Novos insights sobre NARS1: entendendo como as mutações afetam nossos filhos
Estamos muito orgulhosos de compartilhar isso Doutor. Ingrid Vallée, nossa própria consultora científica na Fundação Rory Belle, teve um importante artigo de pesquisa publicado como parte de seu doutorado.
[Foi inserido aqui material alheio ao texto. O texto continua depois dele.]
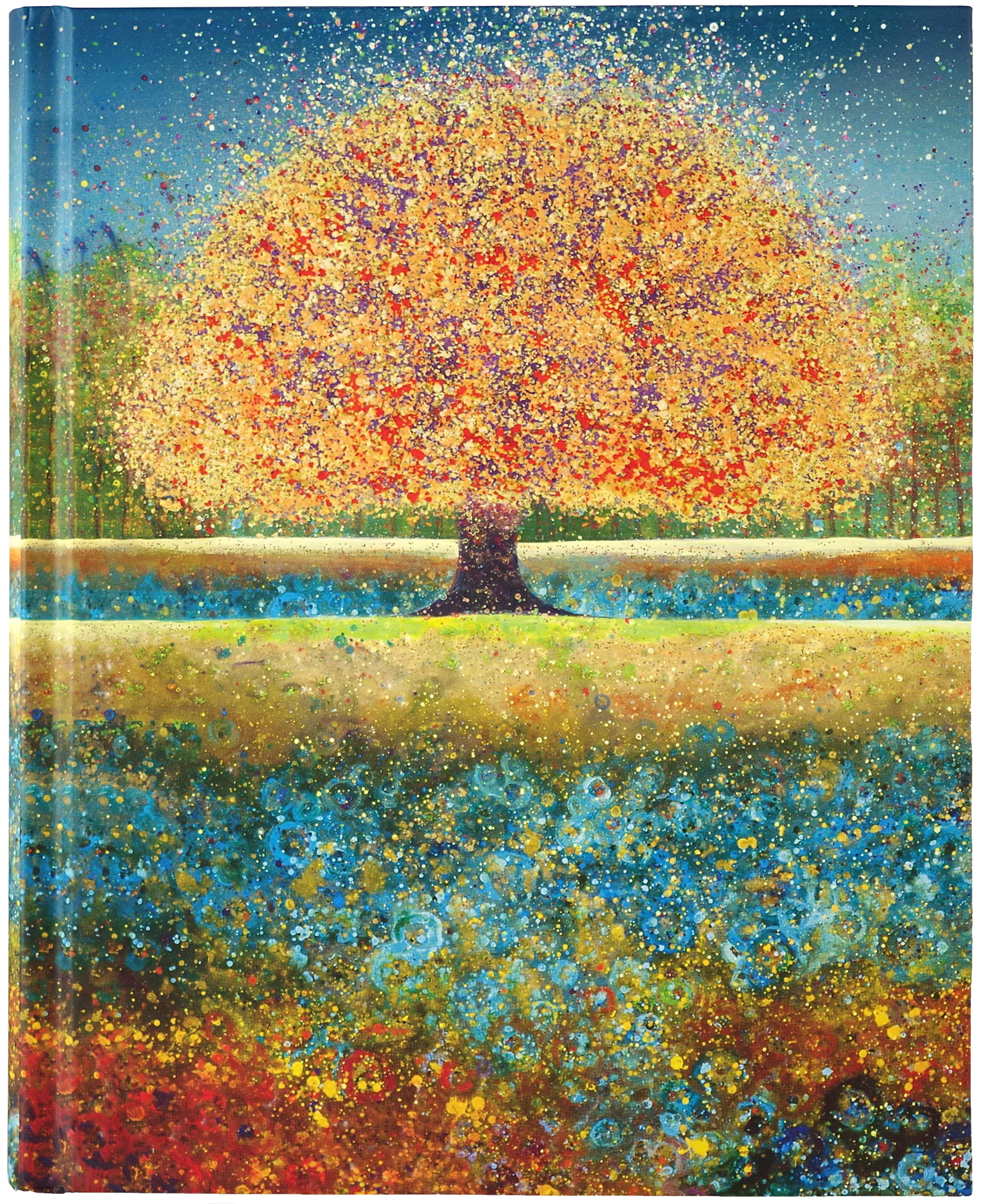 - Touches of gold foil illuminate the cover image of an autumnal tree.

Ingrid concluiu seu doutorado em Scripps Research em San Diego, Califórnia, onde trabalhou no laboratório do professor Xiang-Lei Yang. Sua pesquisa se concentrou em um grupo de proteínas essenciais chamado aminoacil-tRNA sintetases, e em particular um chamado NARS1, o próprio gene que afeta nossos filhos.
Este trabalho, que foi possível graças ao financiamento da The Rory Belle Foundation e da Uplifting Athletes, ajudou-nos a dar um passo mais perto de compreender como mutações no NARS1 alteram a forma como a proteína funciona dentro das células. Neste artigo, ela estudou duas mutações específicas do NARS1 (R534* e R545C) e analisou como elas interrompem a atividade da proteína.
Esta é uma ciência complexa – mas cada conhecimento é mais um passo para entender como o distúrbio NARS1 se desenvolve e, finalmente, como um dia poderemos atingir a proteína defeituosa com tratamento.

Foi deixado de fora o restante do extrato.